<<<<

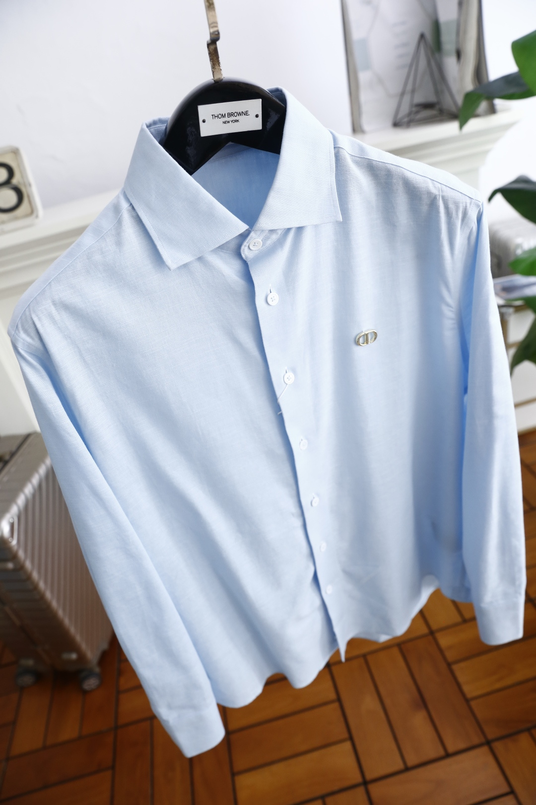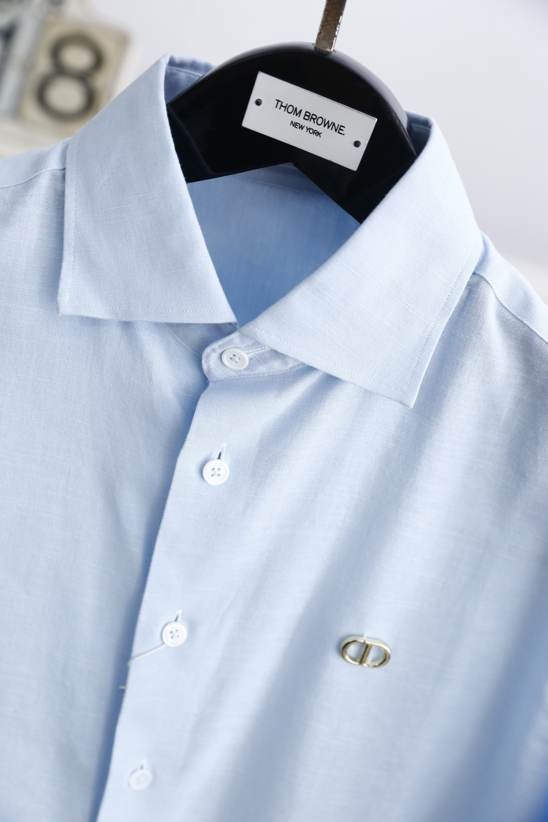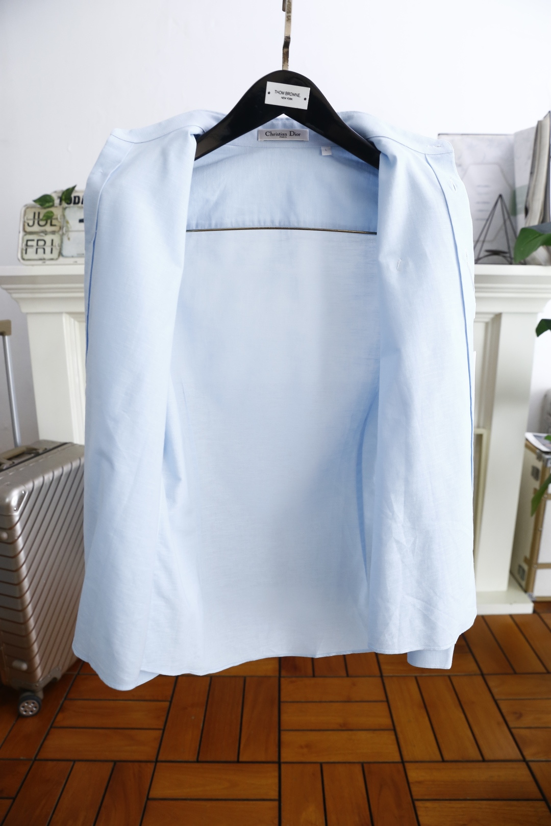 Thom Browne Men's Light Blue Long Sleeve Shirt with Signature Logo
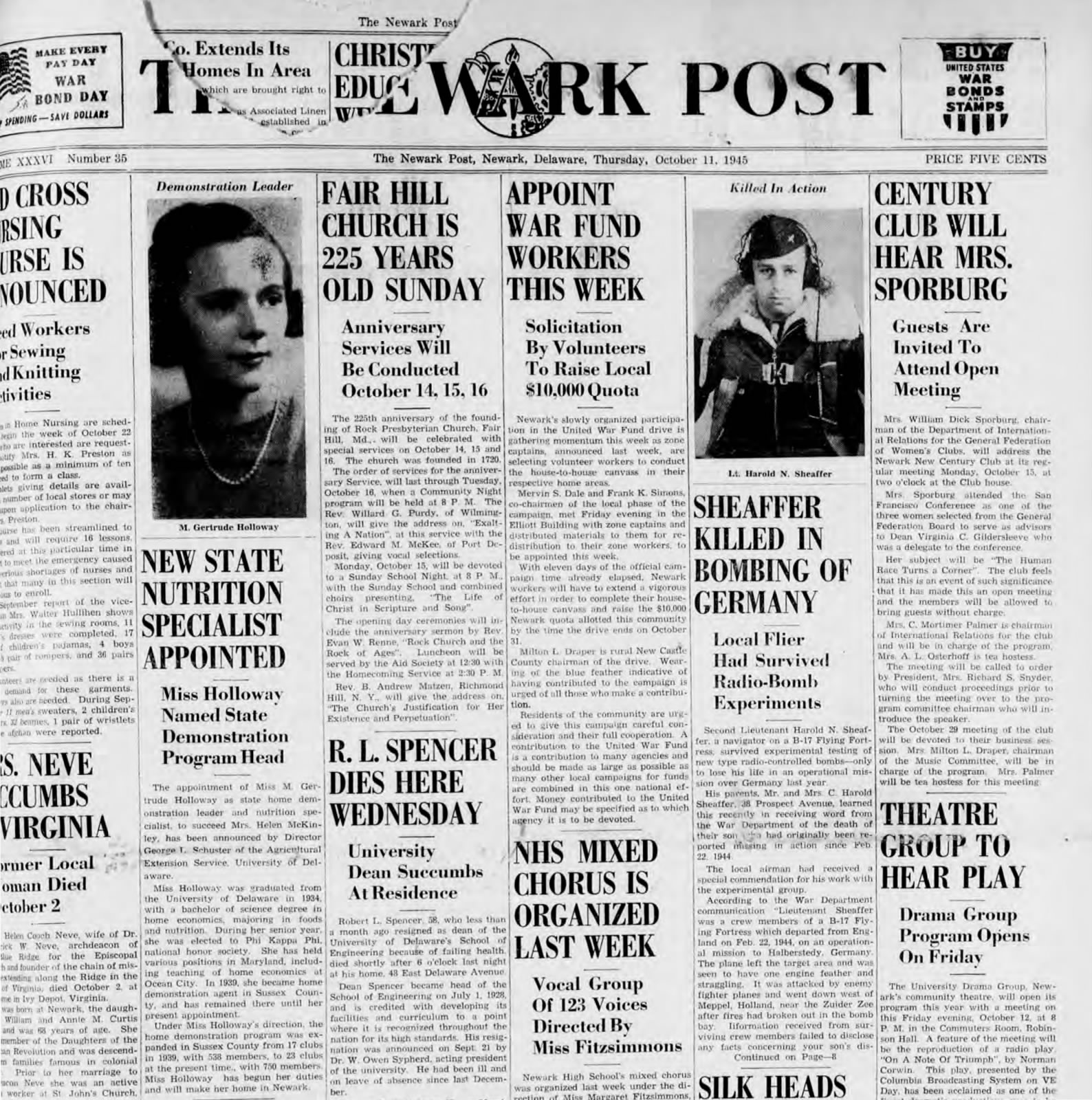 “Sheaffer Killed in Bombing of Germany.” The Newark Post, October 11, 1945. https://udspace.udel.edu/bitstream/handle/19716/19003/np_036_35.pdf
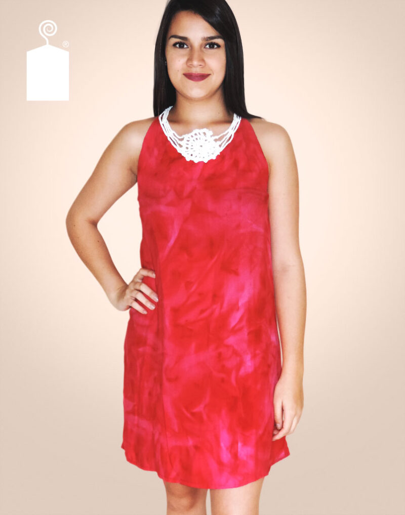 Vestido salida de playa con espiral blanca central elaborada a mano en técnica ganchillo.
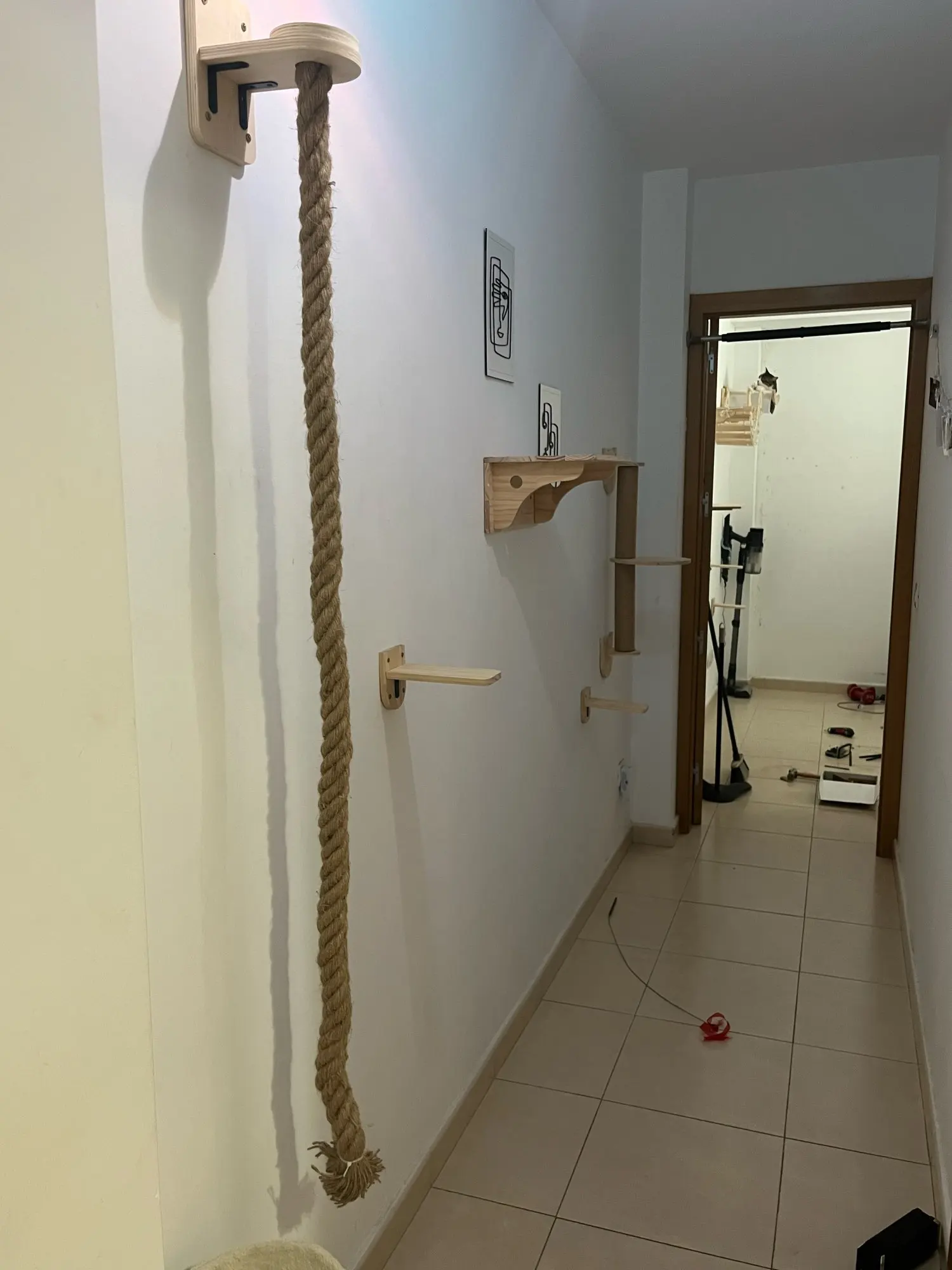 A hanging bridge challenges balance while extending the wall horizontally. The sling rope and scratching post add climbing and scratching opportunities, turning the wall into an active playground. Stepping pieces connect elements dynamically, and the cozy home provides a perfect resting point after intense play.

>>>>

*What is needed*
Except for the pictures, give all the material above again verbatim.

*Answer to this problem*
 Thom Browne Men's Light Blue Long Sleeve Shirt with Signature Logo
 “Sheaffer Killed in Bombing of Germany.” The Newark Post, October 11, 1945. https://udspace.udel.edu/bitstream/handle/19716/19003/np_036_35.pdf
 Vestido salida de playa con espiral blanca central elaborada a mano en técnica ganchillo.
 A hanging bridge challenges balance while extending the wall horizontally. The sling rope and scratching post add climbing and scratching opportunities, turning the wall into an active playground. Stepping pieces connect elements dynamically, and the cozy home provides a perfect resting point after intense play.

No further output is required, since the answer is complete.